Is it more than just a simple fencing dispute?

Best Hooper

It is not uncommon for, what would appear to be, a simple fencing dispute to subsequently turn into boundary dispute. In many cases, a Fencing Notice is properly served pursuant to section 13 of the Fences Act 1968; in some cases, after obtaining a surveyor’s plan. Disputes commonly arise where it is evident that the existing fence line and the title boundary do not correspond, and there is a lack of understanding of the legal concept of adverse possession either by the possessor or the person dispossessed of part of their land, or both.

Statements such as ‘I am the legal owner, how can they have a claim over land that is mine’ and ‘do I have to agree to a new fence if their land is already within my fence’ have been uttered on many occasions. In some cases, the dispossessed owner(s) has recently purchased the property and fails to understand how they could have ‘inherited’ such as problem. In instances where boundary disputes arise, it is more than likely that a lack of understanding of facts and the law will result in failed negotiations and to proceedings being commenced, especially where one party (or both) fails to seek legal advice.

Boundary Disputes and Fences Act 1968

Many cases involving boundary disputes are resolved without having to initiate proceedings. However, there are some that do make it into the Magistrates’ Court. For those that do, the Magistrates’ Court has the power pursuant to section 30E Fences Act 1968 to hear and determine matters relating to adverse possession claims that arise from fencing disputes.

Section 30E states:

(1) A person may file a complaint in the Magistrates’ Court under this section claiming title by possession to a part of adjoining land to the land that person owns if—

(a) the land that person owns is land in respect of which a complaint is filed under another provision of this Act; and
(b) the land that the person is claiming title by possession to is land on which fencing works and any subsidiary works that are the subject of that complaint are to be carried out.

(2) The Magistrates’ Court may make an order in relation to who is entitled to title by possession of that part of the adjoining lands on which the fencing works and any subsidiary works are to be carried out.

The term ‘adverse possession’ is well known; however, the legal concept itself is not. The effect of adverse possession is that a true owner can permanently lose the title to their land, by reason of some other person having been in occupation of the land – continuously, intentionally, factually and without permission.
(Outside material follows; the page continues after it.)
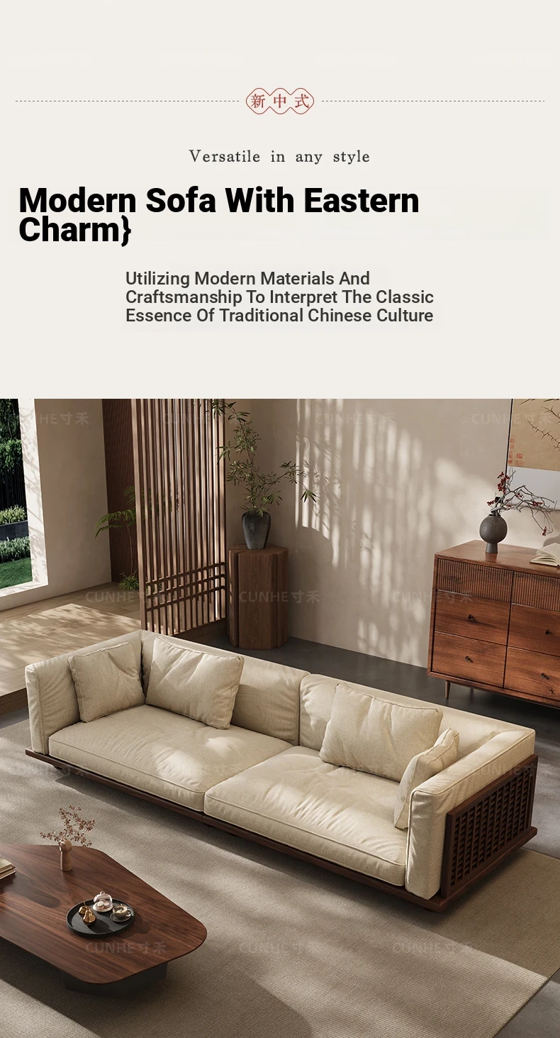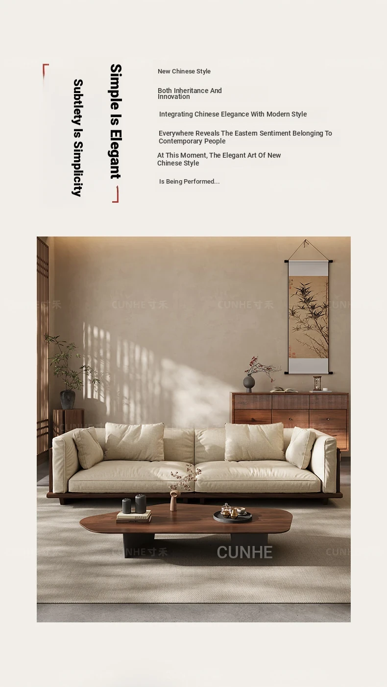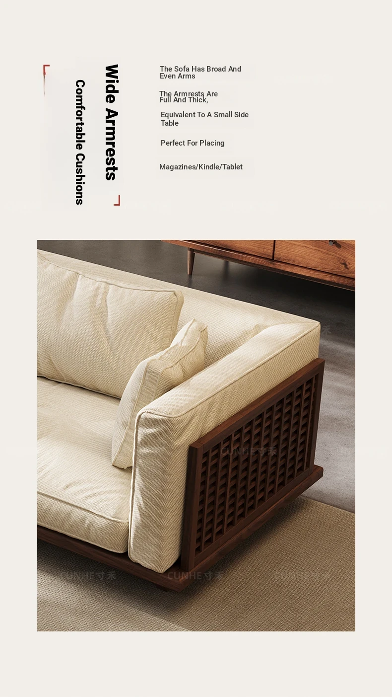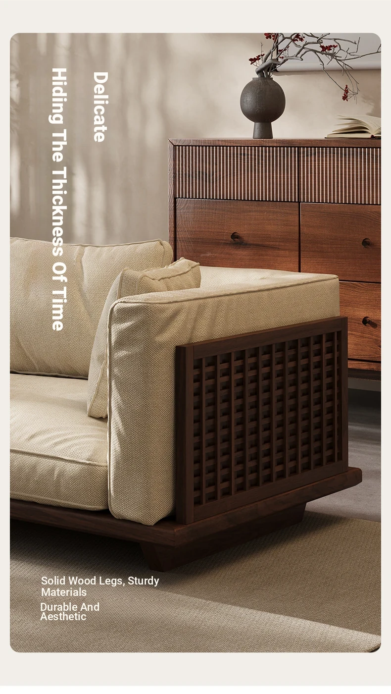 "2025 New Style Small Space Sofa - Elegant Song Dynasty Aesthetic in Black Walnut Wood with Cotton and Linen Fabric for Modern Chinese Living Rooms"

In accordance with the provisions of section 8 Limitations of Actions Act 1958, this occupation by the adverse possessor (and their predecessor in title) must be in excess of 15 years.

The Fences Act does not alter the law on adverse possession. Therefore, in order to make a claim, one must meet the aforementioned requirements. However, unlike an application under section 60 Transfer of Land Act 1958, the adverse possessor need not show that there has been an express assignment of their possessory rights if they have not been registered as owner for the entirety of the 15 years, but the aggregate period of possession between them and their predecessor in title is 15 or more years (Shelmerdine and Another v Ringen Pty Ltd and Another [1993] 1 VR 315).
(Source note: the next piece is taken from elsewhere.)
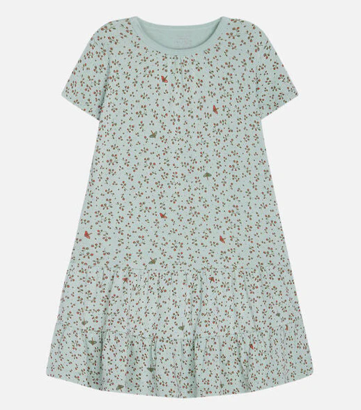 Robe en viscose de bambou fleurie, extensible et très douce avec beaucoup de largeur au bas de la jupe. Avec de légers volants à l’encolure sur le devant. Ce produit est certifié Oeko-Tex 100®.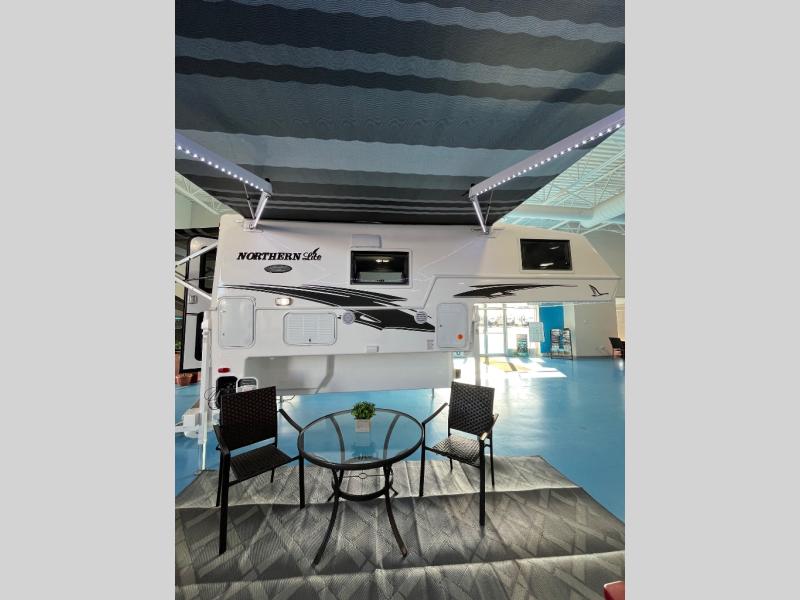 Ultimate features and a high quality construction is what you will find in any one of these Northern Lite Limited Edition truck campers! The raised chrome graphics will turn heads on the highway. The Sapele hardwood interior and premium leatherette seating will have you feeling right at home whether you are going on a fishing trip or full time RV living. A power side awning will protect you rain or shine and you can crank up the tunes with the outside speakers. With a four seasons package, you can camp any time of year and with three 200 watt solar panels you can even go off-grid camping. Don't worry about backing up with the camper either, the backup camera has you covered. Come see all of the other handy features these units offer!

The process of filing a complaint for an order pursuant to section 30E works in much the same way as filing a complaint for an order pursuant to section 30C Fences Act. In this regard, if you are the issuer of the Fencing Notice, you must wait 30 days after the service of the Notice prior to issuing proceedings. Similarly, if one has been served with a Fencing Notice, they may bring proceedings under section 30E, if no agreement has been reached within 30 days of receipt of the Notice.